--- SUPPLIED INFORMATION ---

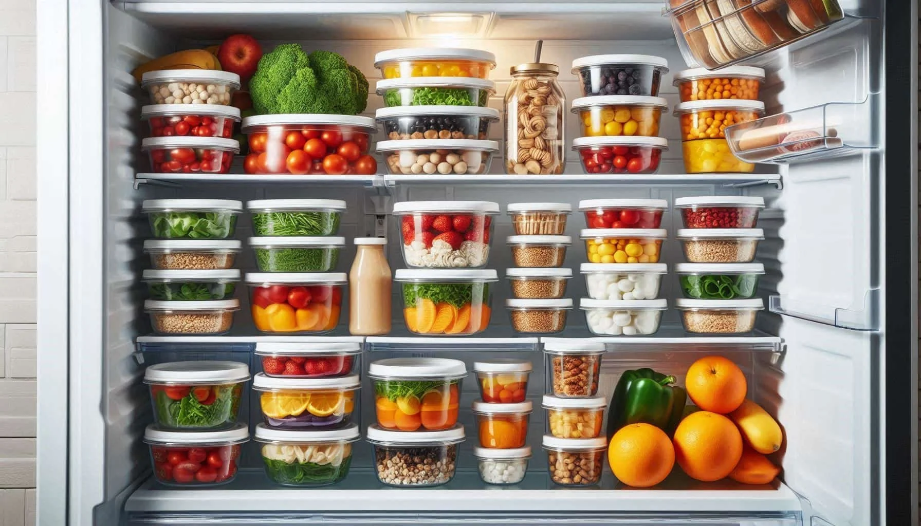 Well-organized refrigerator with systematic meal prep container arrangement for busy professional productivity
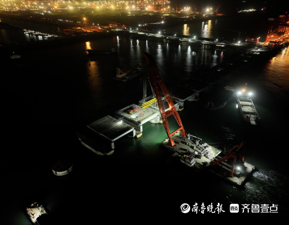 12月30日23时58分,随着最后一榀箱梁成功安装,山东港口青岛港第二座40万吨矿石码头工程胜利完成年度攻坚目标,码头梁板安装完成、引桥合龙、堆场土建基本完成,项目建设取得阶段性胜利。
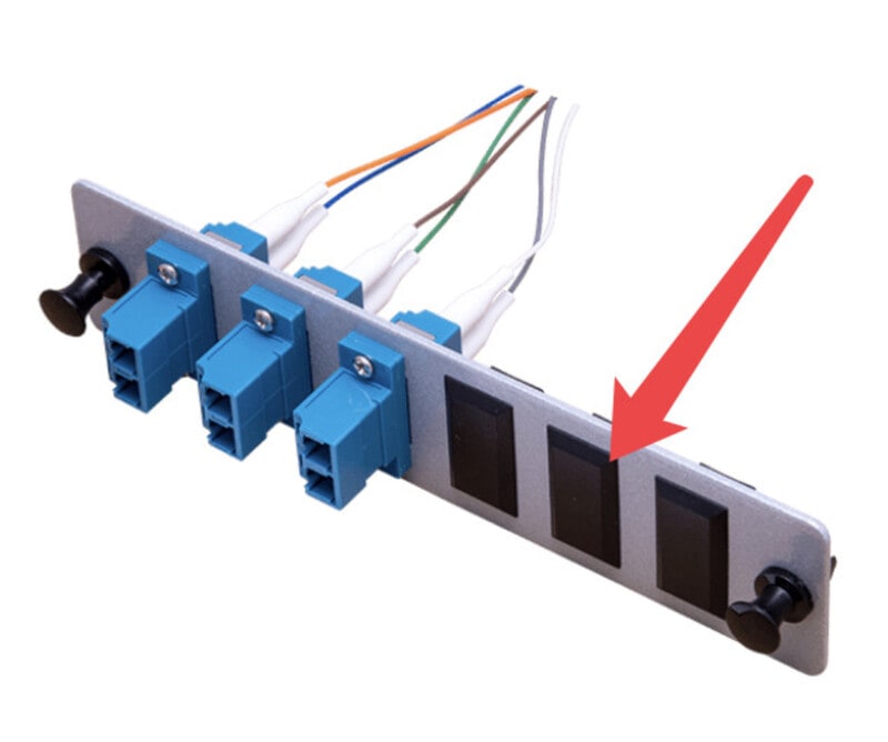 Valokuitupaneelin pölysuoja käyttämättömien aukkojen suojaksi.

---

▸ **WORK INSTRUCTION**
The whole listing must be restated word for word. Leave out any pictures.

▸ **RESPONSE TO THE EXERCISE**
 Well-organized refrigerator with systematic meal prep container arrangement for busy professional productivity
 12月30日23时58分,随着最后一榀箱梁成功安装,山东港口青岛港第二座40万吨矿石码头工程胜利完成年度攻坚目标,码头梁板安装完成、引桥合龙、堆场土建基本完成,项目建设取得阶段性胜利。
 Valokuitupaneelin pölysuoja käyttämättömien aukkojen suojaksi.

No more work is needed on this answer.